What is needed: Nothing but the lines from the start of the data through the line with "பயன்பாடு: சேமிப்பு, ஆடை, காலணிகள், நகைகள், மருத்துவம், வன்பொருள்" should appear in the answer, each retyped exactly, and pictures should not.

Data below Start Marker

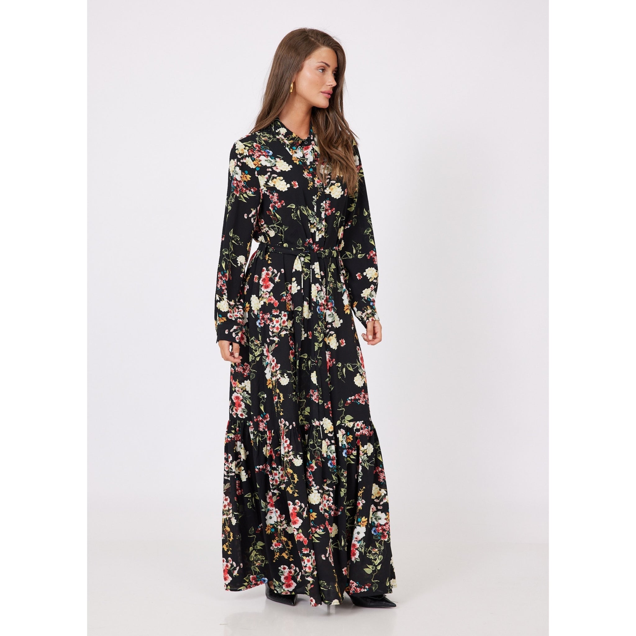 Super easy mesh maxi dress. No waist. Stretchy. Ruffle bottom. Long sleeves
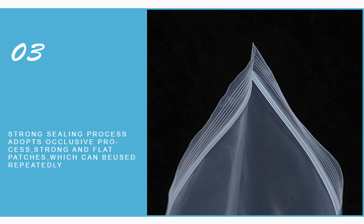பயன்பாடு: சேமிப்பு, ஆடை, காலணிகள், நகைகள், மருத்துவம், வன்பொருள் பாகங்கள் போன்ற பல்வேறு துறைகளுக்கு வெவ்வேறு அளவுகளில் மறுசீரமைக்கக்கூடிய ஜிப்லாக் பைகள் பொருத்தமானவை.
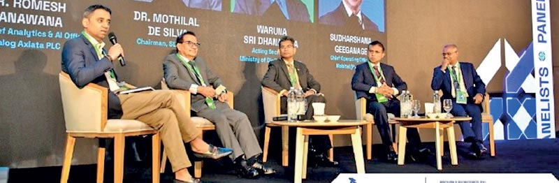 Panel discussion on AI Implementation Challenges: From Investment to Impact featuring, Dialog Axiata Group Chief Analytics and AI Officer Dr. Romesh Ranawana, Digital Economy Ministry Acting Secretary Waruna Sri Dhanapala, SLT Group Chairman Dr. Mothilal De Silva, Mobitel COO Sudharshana Geeganage, and moderated by Analysys Mason – Dubai Sr. Principal Arun Pai
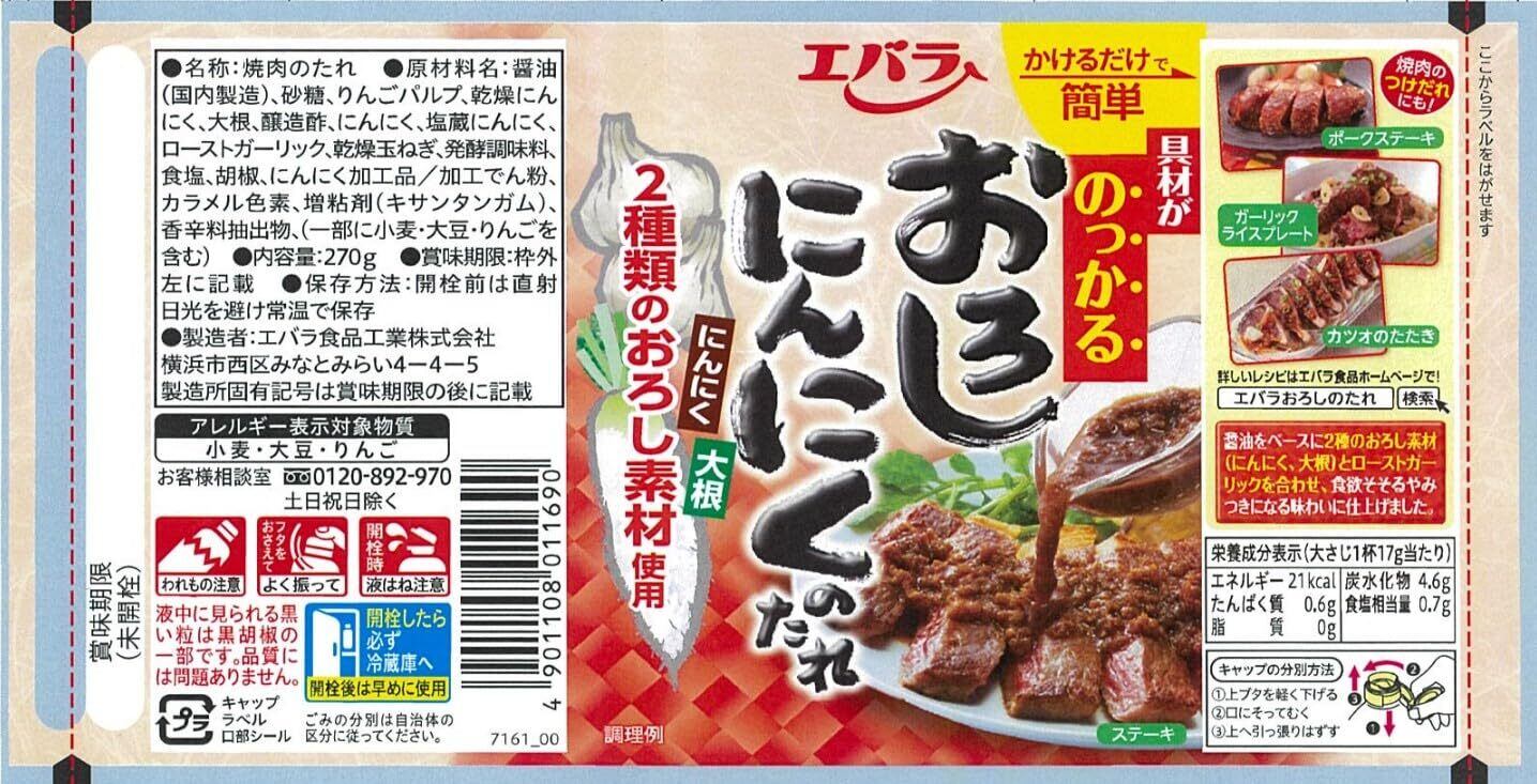 【原材料】醤油(国内製造)、砂糖、にんにく、りんごパルプ、乾燥にんにく、大根、醸造酢、ローストガーリック、乾燥玉ねぎ、発酵調味料、食塩、胡椒/加工でん粉、カラメル色素、増粘剤(キサンタンガム)、(一部に小麦・大豆・りんごを含む)【栄養成分】大さじ1杯17g 当たりエネルギー(kcal)22、たんぱく質(g)0.6、脂質(g)0、炭水化物(g)4.8、食塩相当量(g)0.7【アレルゲン】小麦、大豆、りんご

Data below End Marker

Answer space:
 Super easy mesh maxi dress. No waist. Stretchy. Ruffle bottom. Long sleeves
பயன்பாடு: சேமிப்பு, ஆடை, காலணிகள், நகைகள், மருத்துவம், வன்பொருள் பாகங்கள் போன்ற பல்வேறு துறைகளுக்கு வெவ்வேறு அளவுகளில் மறுசீரமைக்கக்கூடிய ஜிப்லாக் பைகள் பொருத்தமானவை.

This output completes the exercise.